WilsonFrickett · 22/12/2011 10:14

Lots of good advice here. If you do go ahead with the visit, please make sure there's someone else in the house with you.

He's bullying you, pure and simple. I think sometimes it helps to 'name' it, IYSWIM. Its just bullying, he's a cocknobber and a bully. You can get through this, but you need to focus on the practical steps (lawyer, debt management). You can't control his behaviour, only your response to it.

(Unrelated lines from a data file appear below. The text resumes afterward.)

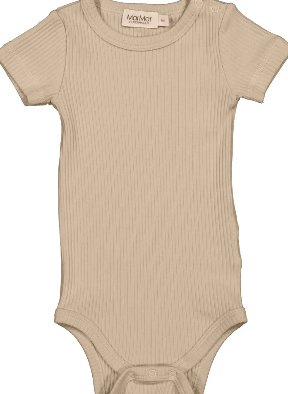 Enkel kortærmet modal bodystocking, der bliver lukket med trykknapper mellem benene for nem bleskiftning. Bodystockingen er ribstrikket, blød, holder form og farve og har elastan i sig som gør den strækbar og behagelig at have på.
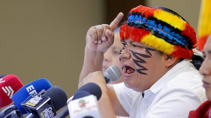 Efraín Fueres, un artesano kichwa de la comunidad andina de Cuicocha-Inguitgzala, dejó atrás su casa, los telares, la chacra, para sumarse al paro nacional convocado por la Confederación de Nacionalidades Indígenas del Ecuador (Conaie) hace una semana. Tenía 46 años, dos hijos pequeños, y una convicción que lo llevó a caminar durante horas por los páramos del norte de Cotacachi. La última imagen que se tiene de él es la de un cuerpo que cae en la carretera E35, la vía que atraviesa las montañas y conecta con Quito, tras recibir tres disparos mientras huía de la represión militar el domingo en la mañana.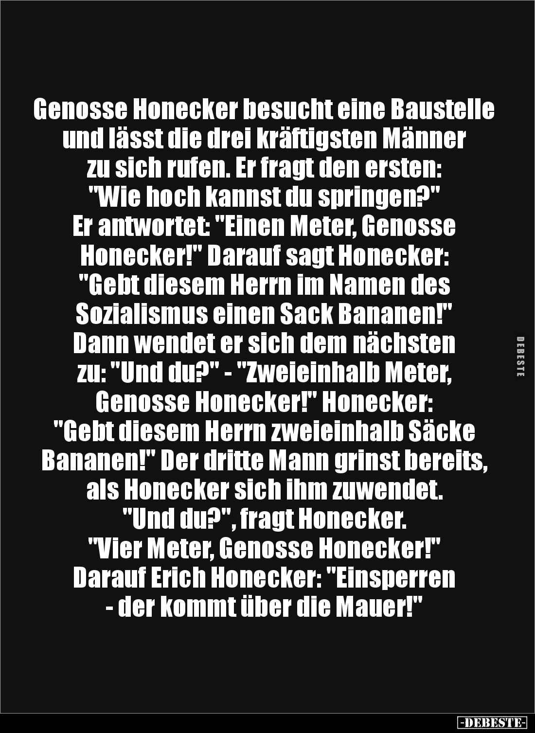 Genosse Honecker besucht eine Baustelle und lässt die drei kräftigsten Männer zu sich rufen. Er fragt den ersten: "Wie hoch kannst du springen?" Er antwortet: "Einen Meter, Genosse Honecker!" Darauf sagt Honecker: "Gebt diesem Herrn im Namen des Sozialismus einen Sack Bananen!" Dann wendet er sich dem nächsten zu: "Und du?" - "Zweieinhalb Meter, Genosse Honecker!" Honecker: "Gebt diesem Herrn zweieinhalb Säcke Bananen!" Der dritte Mann grinst bereits, als Honecker sich ihm zuwendet. "Und du?", fragt Honecker. "Vier Meter, Genosse Honecker!" Darauf Erich Honecker: "Einsperren - der kommt über die Mauer!"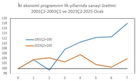 A comparison of industrial production under two different economic programs illustrates the shortcomings of the current approach. One example is the Transition to a Strong Economy Program, launched in May 2001. The other is the Return to Rationality Program, introduced in June 2023. A review of seasonally and calendar-adjusted industrial production index values by quarter reveals stark differences in outcomes.

Hugs to you. If you're anywhere near Edinburgh pm me. I'll have a spare cotbed in January, which will last you for a couple of years (my DS is 6 so plenty room for yours).

sitandnatter · 22/12/2011 10:18

BTW, he does have the right to come & collect his son at any point so I think a double bluff may be in order here, suggest he has him for LOADS of time !!!

No he doesn't that is absolute tosh. If he comes to the door and asks for the child she doesn't even have to open the door to him. If the house is jointly owned he has the right to enter but if he starts to try to take the child a 999 call would get him hoisted off without the child. Honestly, sometimes I think people on here are F4J nuts undercover, I really do. Not directed at you Helen but some of the "advise" to flood abusive exes who are threatening to take the child with loads of contact beggars belief sometimes.

OK what I'd be doing if the house is in joint names is to go to court to ask for an occupation order on the property until the finances and divorce are finalised. This gives you the absolute right to live there with your child and will stop him from having the right to enter even with a key until the divorce is settled.

You do need legal advice and under no circumstances does he get unsupervised contact, I wouldn't give him supervised until there is a court order in place where you can take action to have the child returned if he doesn't.

It sounds to me that he has his hands full paying for one child and doesn't want to have to pay for another. Nothing like being skint to make the OW realise she hasn't got quite the catch she thought she had, or perhaps I'm just cynical.